Below The Headlines - 53
Another unfortunate whale and some Ibibios are chilling in Tokyo
Hope you had a restful week eating all that salah meat?
The show continues with the usual selection below.
Inside Nigeria
A really crazy story:
There was palpable tension in Ojurowo, Folumo in the Isale Eko area of Lagos Island, Lagos State, on Friday after members of the public caught an unidentified woman for kidnapping and selling children.
City Round learnt that the woman had kidnapped the children from the Ijora area of the state and brought them to Isale Eko to sell them.
In a video clip trending on X which was seen by our correspondent on Friday, people gathered around a building suspected to be where the woman was caught while conducting her illegal business.
According to the person heard speaking in the video, the woman confessed that she was going to sell the children for the sum of N250,000.

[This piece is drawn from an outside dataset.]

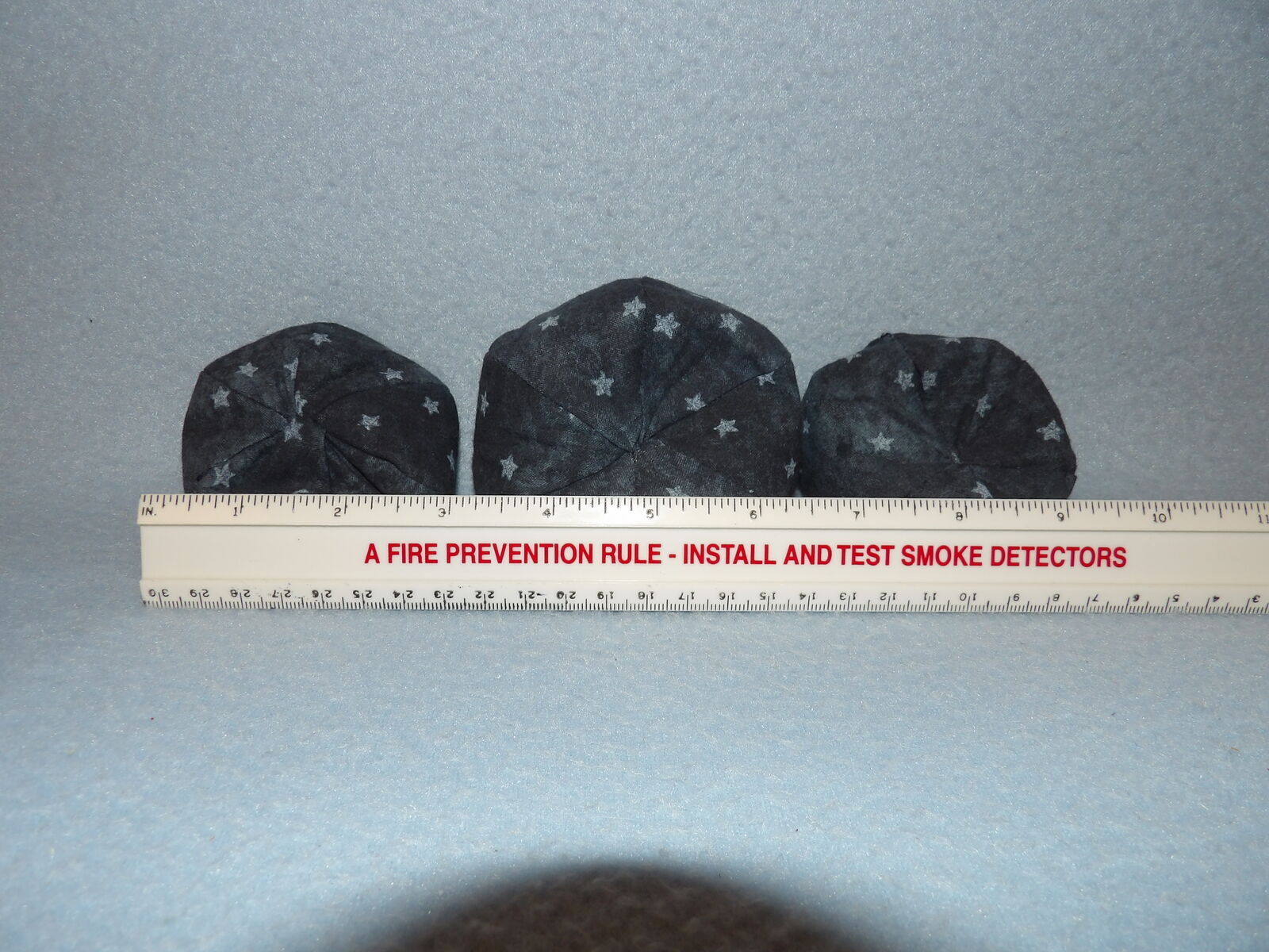 Large Navy Blue is 3.5" round. Two small Navy Blue are 3" round.

“They caught five children with her. She said she sells each of them for N50,000, making N250,000. They said she brought the five children from Ijora. If you know anyone looking for their child in Ijora, please come to Isale Eko in Ojurowo,” the man was heard saying.

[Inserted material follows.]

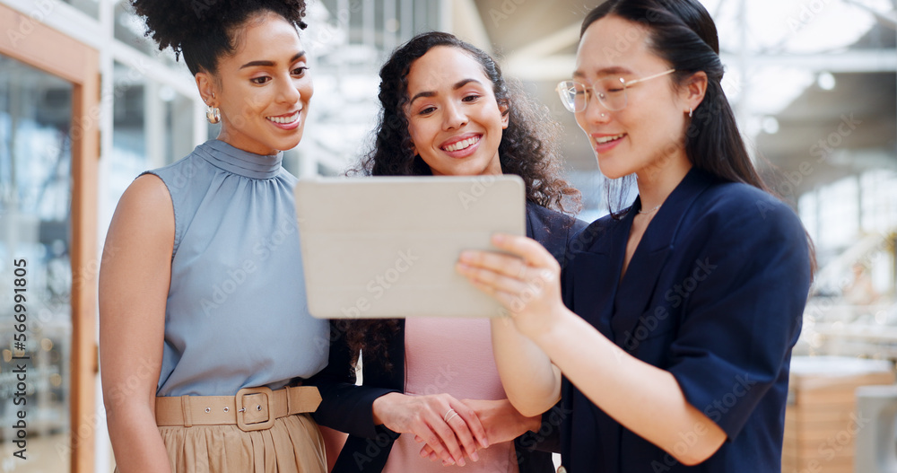 Tablet, collaboration and business women with teamwork marketing strategy and website planning. Digital technology, diversity and creative employees review new design, feedback or ideas communication

The impact of food inflation is being felt in prisons:
The increasing cost of food stuffs and gas has led to grumblings among some inmates in the nation’s various prisons.

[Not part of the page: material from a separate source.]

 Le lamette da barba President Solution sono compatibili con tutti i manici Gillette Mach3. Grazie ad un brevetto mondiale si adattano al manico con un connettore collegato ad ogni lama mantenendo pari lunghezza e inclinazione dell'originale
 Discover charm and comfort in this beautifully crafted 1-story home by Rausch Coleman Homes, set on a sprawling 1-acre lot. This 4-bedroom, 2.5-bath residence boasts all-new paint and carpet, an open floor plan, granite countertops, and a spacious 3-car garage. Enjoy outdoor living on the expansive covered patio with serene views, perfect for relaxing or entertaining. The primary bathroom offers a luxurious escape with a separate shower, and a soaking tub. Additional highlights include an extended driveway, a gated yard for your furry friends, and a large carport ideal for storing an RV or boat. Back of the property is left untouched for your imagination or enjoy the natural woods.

Relatives of some inmates who confided in Vanguard, noted that the rising cost of foodstuffs has impacted negatively on their wards behind bars.
They are, therefore, asking state governments to liberalize bail conditions for petty crimes in a way that offenders could easily meet their bail conditions and attend trial from home.
Nigeria currently has 256 prisons with 81,647 inmate population as of May 31, 2024.
This is made up of 5,853 for federal offences, comprising 3,774 pre-trial detainees and 2,079 convicts, while those for state offences are 75,794, comprising 51,934 awaiting trial and 23,860 as convicts.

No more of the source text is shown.